From the print edition
Sharon Campbell began hosting breakfasts at her residence with British business leaders in Costa Rica in August 2011. The social gatherings intended to understand the needs of the local business community.
The British company owners met regularly with Campbell, the United Kingdom’s ambassador to Costa Rica, to talk over meals of English sausage or Costa Rican gallo pinto.
A little more than six months after the breakfast get-togethers started, the group turned out one of its original goals. On Thursday, U.K. business owners and Tico leaders joined the embassy in inaugurating the United Kingdom-Costa Rica Chamber of Commerce.
“I think this is pretty spectacular progress in terms of the initial discussions that we had with the companies to actually be in a position that we can launch the chamber, and sign the documents,” Campbell said during an interview with The Tico Times on Tuesday.
The 15 founding businesses include British Motors, Volcafé, British American Tobacco Company, security company GS4 and the Poás Volcano Lodge. Membership will be available to anyone interested in business matters between the two countries.
The chamber gives British industry leaders a unified voice for business matters in the country when they lobby government ministries in Costa Rica or back home.
Kenneth Waugh, director of Volcafé, the coffee division of London-based ED&F Man, said interest in forming a chamber has ebbed and flowed throughout the years. An influx of U.K. businesses in recent years made the initiative a popular idea again. The meetings at the ambassador’s residence solidified that proposal.
“We were understanding that we all have the same problems, we all have the same goals,” said Waugh, whose company ships a third of Costa Rica’s coffee exports. “And we were discussing what is the best way to go forward and find a solution for them.”
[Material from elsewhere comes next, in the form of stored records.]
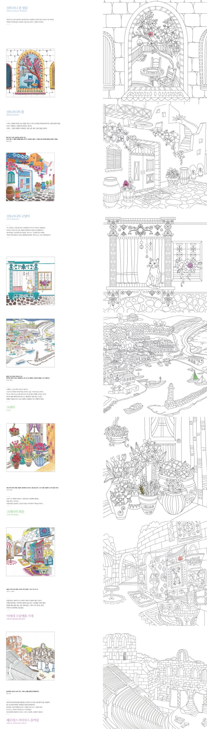 tvn 인기 시리즈 ‘꽃보다 할배’의 여행지로 선정되어 관심이 폭발적으로 증가하고 있는 그리스를 컬러링으로 구성한 책으로, 아테네의 고대유물, 산토리니의 그림같은 풍경, 크레타의 아름다운 카페, 미코노스의 슈퍼파라다이스 비치 등 유럽 최고의 경치와 낭만을 간직한, 그 이름만으로 설레는 곳들을 여행자의 발걸음을 따라 색칠할 수 있도록 구성했다. 그밖에 그리스를 대표하는 벽화와 문양, 건물, 신화속 인물 등 그리스의 다양한 진면모를 빠짐없이 경험할 수 있다.
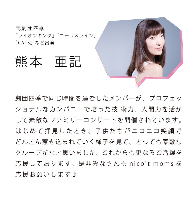 現在は、4歳男の子のママをしながら、2022年に元劇団四季ママ達3人でnico't moms(ニコットマムズ)というグループを結成し、ファミリーコンサートを開催しています。
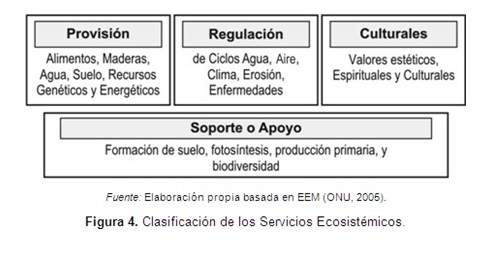 Se entiende, entonces, que los Bienes Ambientales son objetos y recursos tangibles producto de la naturaleza directamente valorados y aprovechados por el hombre y que se transforman y agotan cuando son utilizados; mientras que los Servicios Ambientales son aquellas funciones y procesos de los ecosistemas que generan beneficios y bienestar para las personas y las comunidades (Zúñiga, 2012). En esta misma línea, la Evaluación de los Ecosistemas del Milenio –EEM– (ONU, 2005) clasifica los “Servicios Ecosistémicos” en dos tipos: directos e indirectos. Se consideran beneficios directos la producción de provisiones o bienes (alimentos, maderas, agua, suelo, recursos genéticos y energéticos), o la regulación de ciclos (agua, aire, erosión, enfermedades). Los beneficios indirectos se relacionan con el funcionamiento de procesos del ecosistema (servicios de apoyo o soporte) como la formación de suelo, la fotosíntesis, producción primaria, y la biodiversidad; y la oferta de beneficios no materiales (servicios culturales), como los valores estéticos y espirituales y culturales, o las oportunidades de recreación. Así múltiples documentos clasifican de forma general los SE como de soporte o apoyo, provisión, regulación, y culturales. (Ver Figura 4).
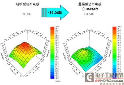 另外,在移动设备多功能化进程中,对机器的小型、薄型化要求也逐步提升。为此就必须减少元件的使用数量,或者将元件做到更小。此对策是借由提高DC-DC转换器的开关频率,减小必要的功率电感和电容的额定参数值,以此来适应元件的小型化。将集中控制电源的PMIC(Power Management IC)的开关频率,将从一直使用的1MHz变为3MHz,还有管理单独电源的DC-DC转换器IC中主流频率一直是3~4MHz,对于此种情况,作为主要元件的功率电感就需要1.0uH到2.2uH的低感值产品。而开关频率数的提高使静噪成为必须,为了解决这些课题,推动了功率电感的开发。
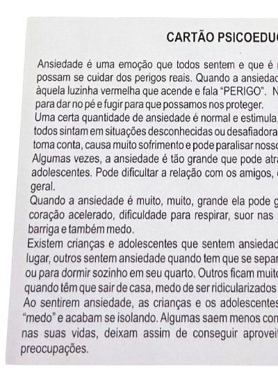 Com o Baralho da ansiedade, crianças e/ou adolescentes são psicoeducados sobre os principais sintomas, dificuldades e comportamentos disfuncionais. Por meio das cartas com sintomas e das cartas com situações, pode-se monitorar os sintomas do paciente de maneira lúdica e interativa, com objetivo de auxiliar o mesmo a lidar com os sintomas de ansiedade.
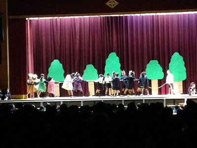1年生は、劇「おそろし山の まものたち」を演じました。1年生なりの動作の工夫やセリフの言い方の工夫が見られ、長い劇でしたがみんなしっかりとセリフを覚えていましたので、鑑賞に来られた保護者の皆さんも感心していました。見ている他学年の子どもたちは、オニとタヌキが綱引きをする場面や、ウサギが川を飛び越えていく場面が特に印象的だったようです。
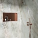 Stilfuld brusehylde i børstet kobber look til moderne badeværelser

The chamber’s key points of emphasis will be on protecting investment for British businesses in Costa Rica and making it easy for U.K. citizens to start up an enterprise here. Other significant issues include bilateral agreements, taxes and representing local interests in multinational companies.
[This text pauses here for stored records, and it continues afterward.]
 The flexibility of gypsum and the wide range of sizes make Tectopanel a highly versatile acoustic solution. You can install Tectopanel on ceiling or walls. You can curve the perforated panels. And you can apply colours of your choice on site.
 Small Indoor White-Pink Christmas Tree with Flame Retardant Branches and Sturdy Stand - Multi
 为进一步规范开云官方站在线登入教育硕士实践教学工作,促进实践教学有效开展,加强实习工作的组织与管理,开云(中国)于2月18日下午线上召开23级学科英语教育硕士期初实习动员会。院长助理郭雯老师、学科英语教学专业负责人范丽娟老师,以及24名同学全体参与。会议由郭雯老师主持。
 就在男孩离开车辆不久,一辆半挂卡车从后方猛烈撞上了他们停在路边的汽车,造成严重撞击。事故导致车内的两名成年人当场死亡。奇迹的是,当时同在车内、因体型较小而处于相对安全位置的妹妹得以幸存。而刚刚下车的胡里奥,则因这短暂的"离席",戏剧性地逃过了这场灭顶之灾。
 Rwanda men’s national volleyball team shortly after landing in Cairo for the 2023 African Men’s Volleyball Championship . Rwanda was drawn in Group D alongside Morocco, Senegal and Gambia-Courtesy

Organization leaders see ample benefits for Costa Ricans. Campbell cited the U.K.’s expertise in the creative sector, environmental sector and in education as areas British businesses can aid Costa Rican institutions. The U.K. is an industry leader in low-carbon products and in reducing carbon footprints. The country also can help outmoded classrooms in Costa Rica take on new technology and courses.
In the creative division, Campbell referenced Vitec, a video company with a main plant in Costa Rica, which recently announced plans to double its manufacturing capacity in the country.
Luisa Pastor, director of U.K. Trade and Investment, said Vitec builds state-of-the-art equipment for clients like Hollywood producers and National Geographic documentary filmmakers. Teaching the Costa Rican workforce how to build cutting-edge technology can have far-reaching effects in the country’s own growing audiovisual and film industry.
“[Vitec] has machines nobody else has in this country,” Pastor said. “So they need to start by showing Costa Ricans how to use those machines.”
The announcement of the chamber coincides with a greater push to strengthen relations between the U.K. and Latin America. British minister of state at the Foreign Office, Jeremy Browne, visited Costa Rica for the first time last October during a goodwill tour of Latin America (TT, Oct. 28).
In addition, Campbell said more foreign-run businesses seem to be looking for more alliances and coherency in the Costa Rican business world. She mentioned that earlier this year the Dominican Republic formed its own business chamber. A short while later the U.K. accomplished a similar achievement.
“There’s clearly a sense of moment here in Costa Rica that companies want to group together, want to form chambers,” Campbell said. “They see that there are opportunities here, but [they] want to work as a collective.”